WORK ITEM:
The records follow. Transcribe only the lines from the line containing "Bis in die Zeit" through the end, both ends included, and leave out the pictures.

─── RECORD SET ───

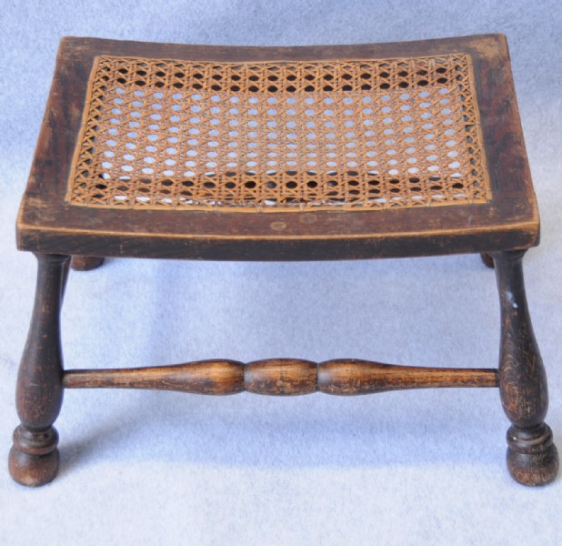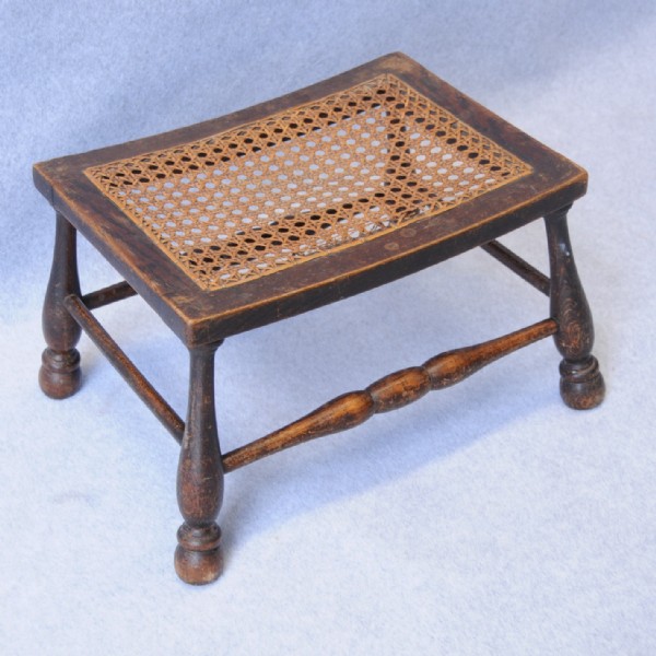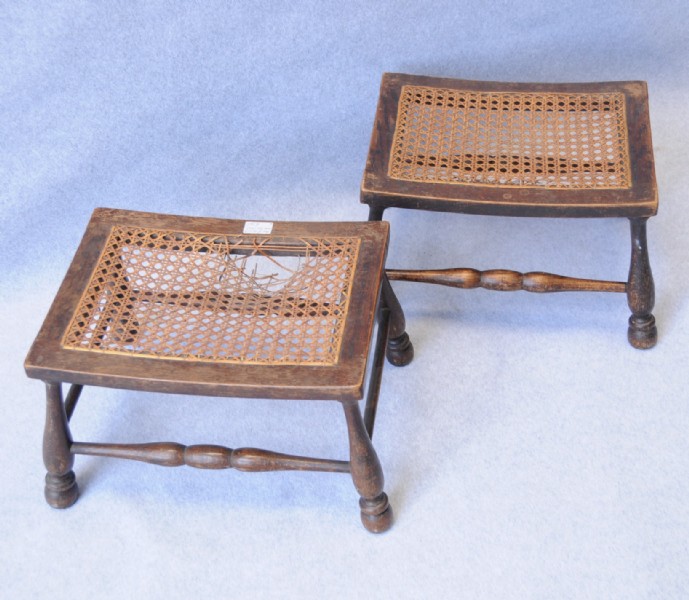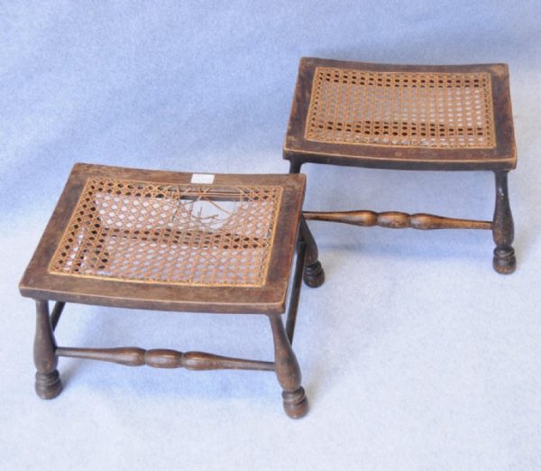 A pair of turned legged foot stools with rattan panel.
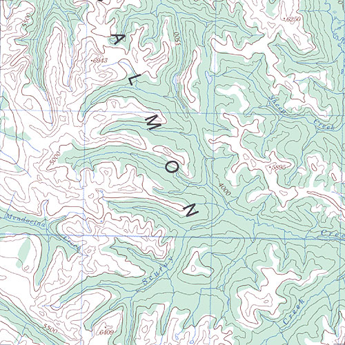 The topo map image to the left is not an exact representation. The image is based on the 1:1,000,000 scale map of the Yukon Territory. The actual 1:250,000 and 1:50,000 scale maps have additional detail not shown at the 1:1,000,000 level.
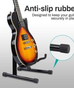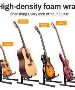Presentamos el versátil y portátil soporte de guitarra universal en forma de A de MOSEN. Diseñado pensando en los músicos, este soporte está diseñado para un almacenamiento y transporte sencillos sin comprometer la durabilidad o funcionalidad. Construido con metal ligero pero resistente, el soporte de guitarra MOSEN cuenta con pies de goma para estabilidad en cualquier superficie. El yugo de espuma suave escalonado garantiza un agarre seguro para tu instrumento, mientras que el respaldo de goma proporciona apoyo y protección adicionales. Lo que distingue al soporte MOSEN es su innovador diseño plegable, que permite que la parte superior se pliegue de forma compacta para un almacenamiento y transporte eficientes. Esta característica única lo hace ideal para músicos en movimiento, ya sea que te dirijas a un concierto, una gira, un festival de música, una fiesta, una ceremonia o un espectáculo de talento. Con su estructura clásica en forma de A, el soporte MOSEN ofrece una plataforma estable para tu guitarra, asegurando que permanezca segura en su lugar sin riesgo de volcarse. El acolchado de espuma en los brazos protege tu instrumento de arañazos o daños, mientras que los pies antideslizantes evitan cualquier movimiento no deseado causado por el peso de tu guitarra. La versatilidad es clave con el soporte MOSEN, ya que su ancho flexible y los brazos de cuna escalonados acomodan guitarras de todas las formas y tamaños, incluidas guitarras acústicas, clásicas, eléctricas, bajos, ukuleles, banjos y violines. Ya seas un intérprete experimentado o recién empezando, el soporte de guitarra universal en forma de A de MOSEN es el compañero perfecto para mantener tu instrumento seguro y protegido dondequiera que te lleve tu viaje musical.
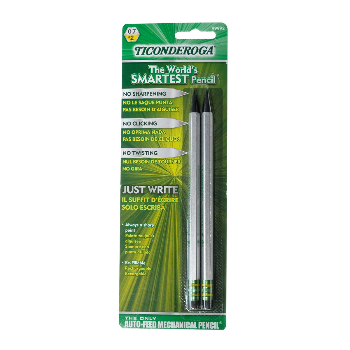 No clicking, no twisting, no sharpening! The Ticonderoga Sensematic is the world's only auto-feed mechanical pencil. Simply touch the pencil to paper and the Sensematic "senses" how much lead you need, advancing just the right amount as you write. You'll never again have to stop writing or drawing in order to sharpen your pencil. Available in a carded pack of 2.
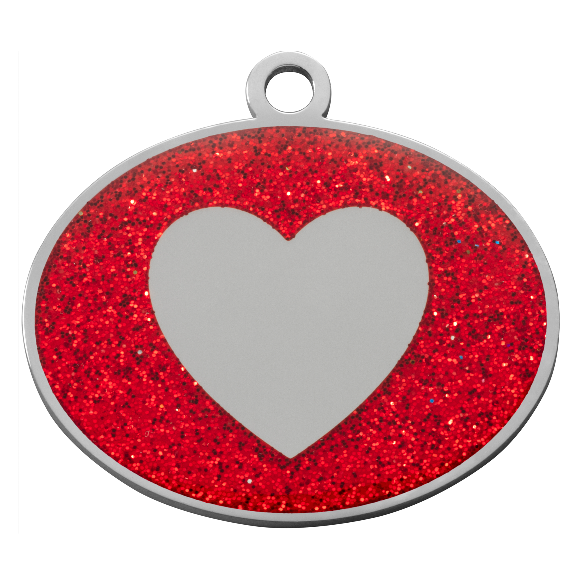 Show your pet some love with the Red Glitter Oval Heart Pet Tag. Featuring a bold red glitter enamel finish and a raised silver heart, this tag combines vibrant personality with reliable safety.
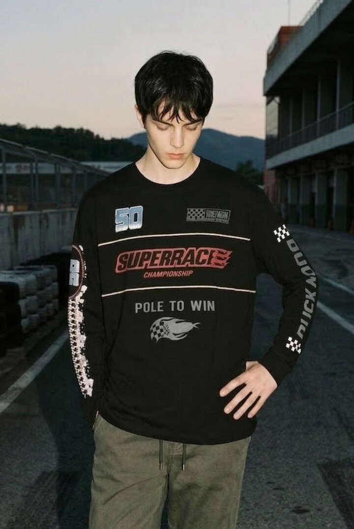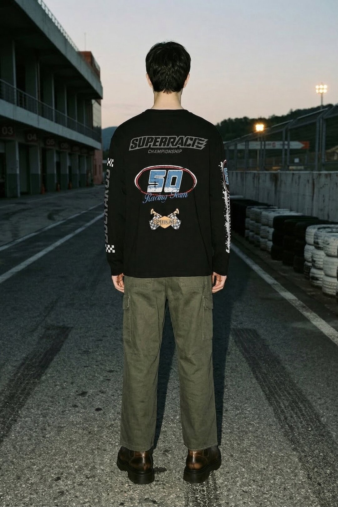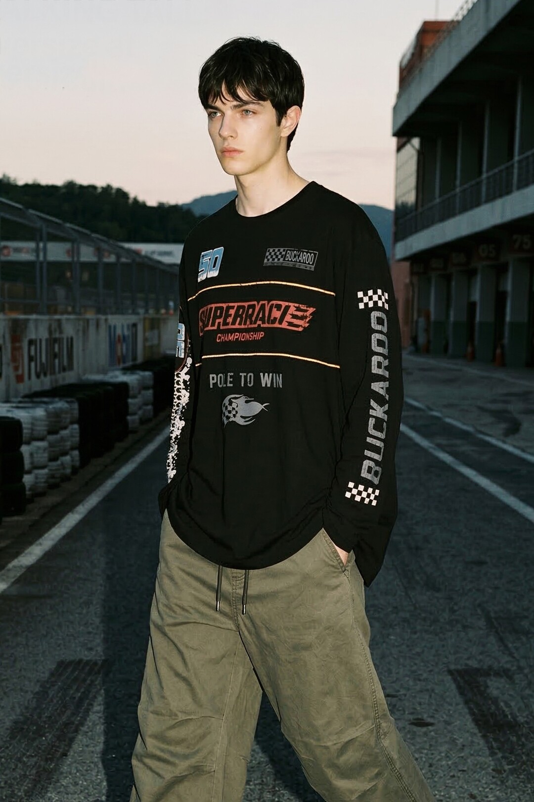 버커루 빈티지 감성과 슈퍼레이스 레이싱 에너지를 담은 2026 콜라보 아트웍 오버핏 긴팔 티셔츠
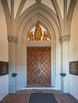 Bis in die Zeit nach dem Zweiten Weltkrieg befand sich die traditionelle Grablege des Hauses Liechtenstein im Paulanerkloster Wranau (Vranov u Brna, Mähren). Für die jüngere Linie bestand eine Familiengruft in Mährisch Kromau. Nach dem Zusammenbruch der österreichisch-ungarischen Monarchie mussten die liechtensteinischen Fürsten ihre südmährischen Schlösser in Lednice (Eisgrub) und Valtice (Feldsberg) verlassen. Nachdem Österreich im März 1938 an das Deutsche Reich angeschlossenen wurde, entschied sich der neu regierende Fürst Franz Josef II. als erster Fürst Liechtensteins – aufgrund der Ablehnung des Nationalsozialismus –, seinen Wohnsitz nach Liechtenstein auf Schloss Vaduz zu verlegen.[7] Dadurch wurde es auch notwendig, eine neue Familiengrablege zu errichten. 1960 wurde die Fürstliche Gruft bei St. Florin nach Plänen des liechtensteinischen Architekten Hans Rheinberger errichtet. Die Grabstätte enthält einen Altar mit einem steinernen Kreuz. Die Eingangstür der Gruft ist ein im Jahre 1992 gefertigtes Hochrelief aus Bronze des italienischen Künstlers Carmelo Pozzolo mit einer künstlerischen Darstellung der Auferweckung des Lazarus. Über der Tür steht das fürstliche Wappen ebenfalls in Bronze.
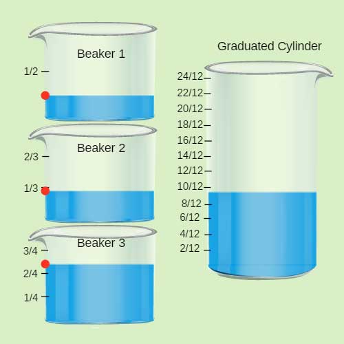 Josh está agregando tres cantidades de agua a un cilindro graduado grande. El vaso de precipitados @ $ 1 @ $ tiene un contenedor de @ $ \ frac {1} {2} @ $ litros de agua, el vaso de precipitados @ $ 2 @ $ tiene @ $ \ frac {2} {3} @ $ litros de agua y el vaso de precipitados @ $ 3 @ $ tiene

───

ANSWER BELOW:
 Bis in die Zeit nach dem Zweiten Weltkrieg befand sich die traditionelle Grablege des Hauses Liechtenstein im Paulanerkloster Wranau (Vranov u Brna, Mähren). Für die jüngere Linie bestand eine Familiengruft in Mährisch Kromau. Nach dem Zusammenbruch der österreichisch-ungarischen Monarchie mussten die liechtensteinischen Fürsten ihre südmährischen Schlösser in Lednice (Eisgrub) und Valtice (Feldsberg) verlassen. Nachdem Österreich im März 1938 an das Deutsche Reich angeschlossenen wurde, entschied sich der neu regierende Fürst Franz Josef II. als erster Fürst Liechtensteins – aufgrund der Ablehnung des Nationalsozialismus –, seinen Wohnsitz nach Liechtenstein auf Schloss Vaduz zu verlegen.[7] Dadurch wurde es auch notwendig, eine neue Familiengrablege zu errichten. 1960 wurde die Fürstliche Gruft bei St. Florin nach Plänen des liechtensteinischen Architekten Hans Rheinberger errichtet. Die Grabstätte enthält einen Altar mit einem steinernen Kreuz. Die Eingangstür der Gruft ist ein im Jahre 1992 gefertigtes Hochrelief aus Bronze des italienischen Künstlers Carmelo Pozzolo mit einer künstlerischen Darstellung der Auferweckung des Lazarus. Über der Tür steht das fürstliche Wappen ebenfalls in Bronze.
 Josh está agregando tres cantidades de agua a un cilindro graduado grande. El vaso de precipitados @ $ 1 @ $ tiene un contenedor de @ $ \ frac {1} {2} @ $ litros de agua, el vaso de precipitados @ $ 2 @ $ tiene @ $ \ frac {2} {3} @ $ litros de agua y el vaso de precipitados @ $ 3 @ $ tiene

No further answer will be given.